PROBLEM DETAILS
In your copy, leave out the pictures; write out all the data exactly.

MATERIAL PROVIDED
·····
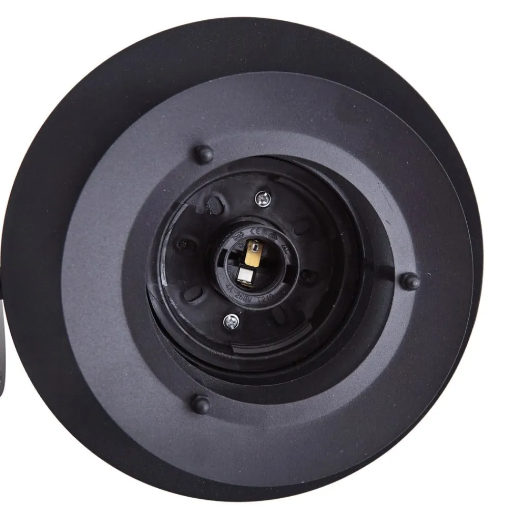- Vægbeslag – Ø 11 cm, fremspring 2,5 cm; skærm – Ø 9,5 cm, højde 16,3 cm
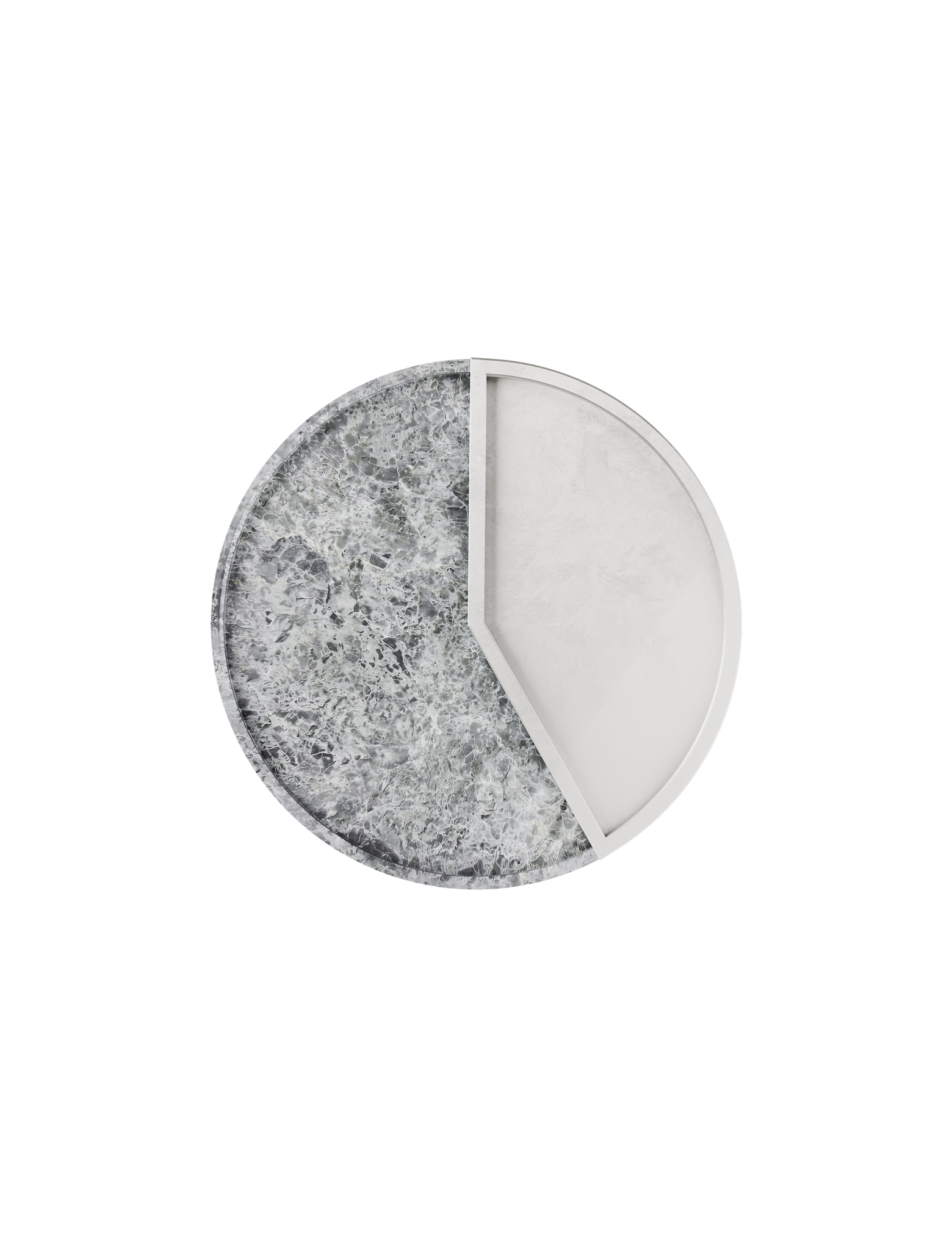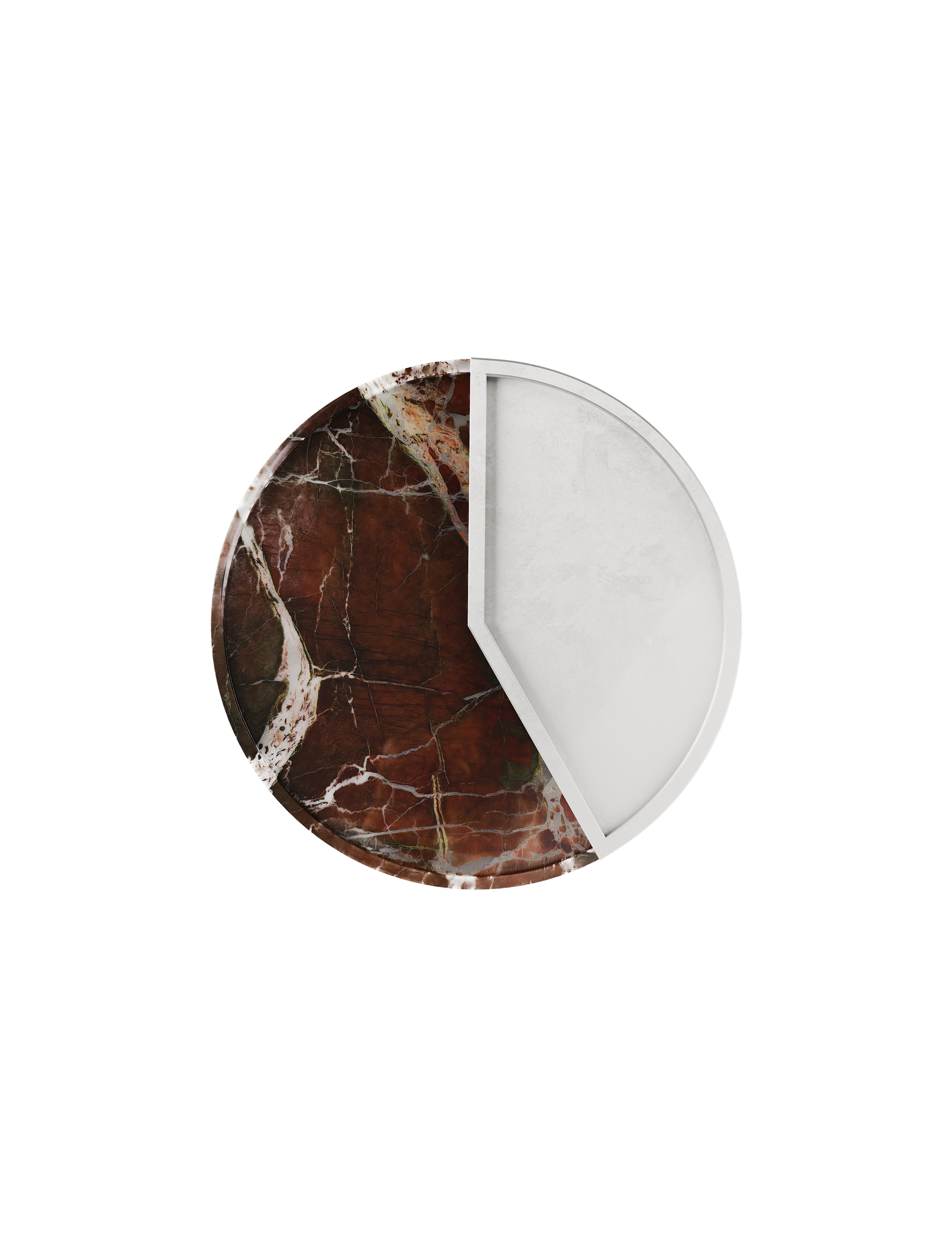 A moment captured in design. The 5 O'CLOCK tray pairs a round marble base with a lacquered aluminum inlay, marking 5pm. A refined companion for drinks, small bites, or whatever your after-hours ritual may be.
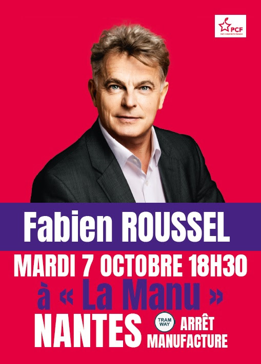 Nous aurons le plaisir d’accueillir Fabien Roussel, secrétaire national du PCF, le mardi 7 octobre. Après la visite des Chantiers navals de Saint-Nazaire, il sera présent à Nantes pour un grand moment d’échanges :
·····
FINAL ANSWER
- Vægbeslag – Ø 11 cm, fremspring 2,5 cm; skærm – Ø 9,5 cm, højde 16,3 cm
 A moment captured in design. The 5 O'CLOCK tray pairs a round marble base with a lacquered aluminum inlay, marking 5pm. A refined companion for drinks, small bites, or whatever your after-hours ritual may be.
 Nous aurons le plaisir d’accueillir Fabien Roussel, secrétaire national du PCF, le mardi 7 octobre. Après la visite des Chantiers navals de Saint-Nazaire, il sera présent à Nantes pour un grand moment d’échanges :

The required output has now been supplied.